Understand however, that setting min.insync.replicas to 2 does not universally work for all deployments and may not guarantee that you always have your produced message in at least two racks. Configuration depends on the number of replicas, as well as the number of racks and brokers.

If you have more replicas and brokers than racks, you will have at least two replicas in the same rack. In a case like this, setting min.insync.replicas to 2 is not sufficient, a partition might become unavailable under certain circumstances.

For example, assume you have three racks with topic replication factor set to 4, meaning that there are a total of four replicas. Additionally, assume that only two of the replicas are in the in-sync replica set (ISR), the leader and one of the followers, and both are located in the same rack. The other two replicas are lagging. Unclean leader election is disabled to avoid data loss.

When the leader and the in-sync follower (located in the same rack) successfully append a produced message to the log, message production is considered successful.
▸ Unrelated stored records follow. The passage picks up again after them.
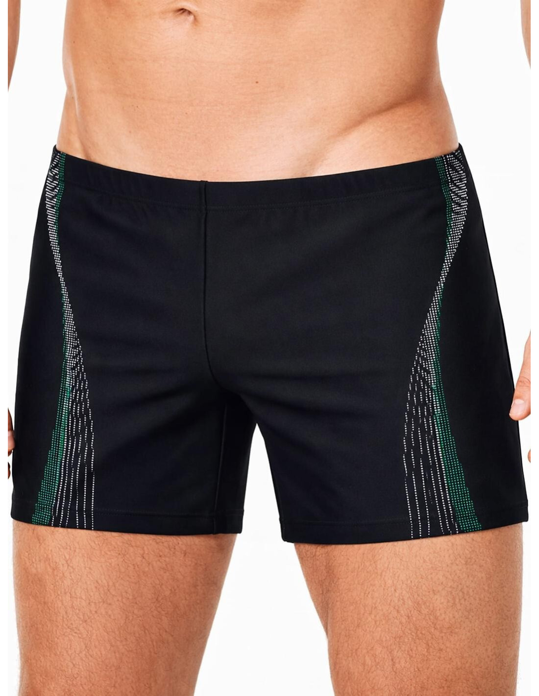 Kąpielówki męskie - aukštos kokybės mikrofibra - z przodu kontrastujący nadruk - nuo vidaus pusės przód podszyty siateczką - elastyczny pas ze sznurkiem do regulacji obwodu - idealiai przylegają do ciała
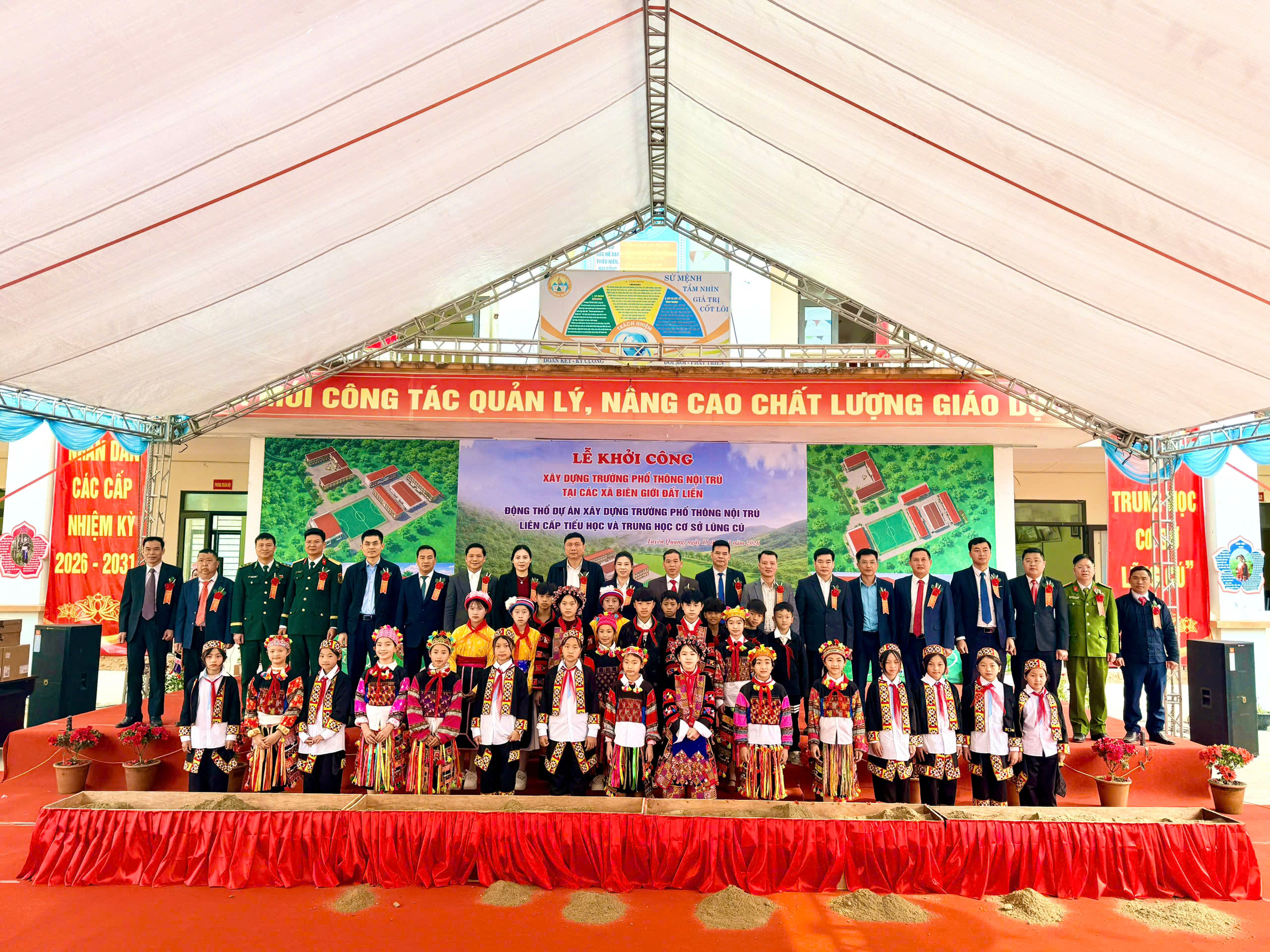 ĐỒNG CHÍ PHÓ BÍ THƯ THƯỜNG TRỰC TỈNH ỦY DỰ LỄ ĐỘNG THỔ DỰ ÁN XÂY DỰNG TRƯỜNG PHỔ THÔNG NỘI TRÚ LIÊN CẤP TIỂU HỌC VÀ THCS LŨNG CÚ
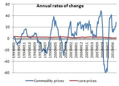 Det ska rätt mycket till för att Energi och Mat ska påverka Core inflation, och därmed räntorna, i ett längre perspektiv. Höga Energi och Mat priser får snarare än dämpande effekt på ekonomin, och kan därför snarare ses som smått deflatorisk. Core inflation drivs i mycket större utsträckning av Output Gap, som i stor utsträckning handlar om sysselsättning (dvs lönebildning) och CUR (kapacitetsutnyttjande)
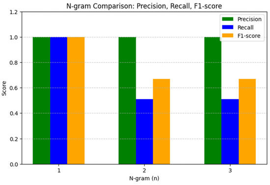 The results of the N-gram analysis depended significantly on the chosen value of n. Unigrams achieved perfect accuracy (1.00) and completeness (1.00), but the lack of context consideration limited the detection of paraphrased or partially modified texts. When moving to bigrams and trigrams, there is a decrease in completeness to 0.51 while maintaining accuracy at 1.00, resulting in an F1-measure of 0.67. At the same time processing time increases from 14.81 s (bigrams) to 16.79 s (trigrams) (see Table 4 and Figure 2).
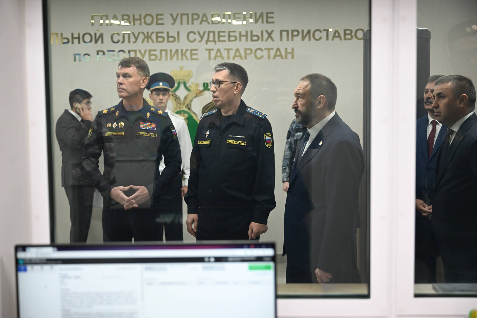 Осмотр нового здания Главного управления Федеральной службы судебных приставов по Республике Татарстан. Принимают участие директор Федеральной службы судебных приставов — главный судебный пристав Российской Федерации Дмитрий Васильевич Аристов и Премьер-министр Республики Татарстан А.В.Песошин.

The leader does not wait for acknowledgement from the lagging replicas. This is because acks=all only guarantees that the leader waits for the replicas that are in the ISR (including itself). This means that while the latest messages are available on two brokers, both are located on the same rack. If the rack goes down at the same time or shortly after production is successful, the partition will become unavailable as only the two lagging replicas remain, which cannot become leaders.

In cases like this, a correct value for min.insync.replicas would be 3 instead of 2 as three ISRs would guarantee that messages are produced to at least two different racks.

Configuring rack awareness for Kafka producers🔗

Learn how to enable and configure rack awareness for Kafka producers.

Enabling rack awareness for Kafka producers involves configuring your Kafka deployment in a way that ensures that producers commit messages to at least two separate brokers that are deployed on different racks. This can be done by configuring your producers to provide the highest available guarantee on message delivery and configuring min.insync.replicas for your topics.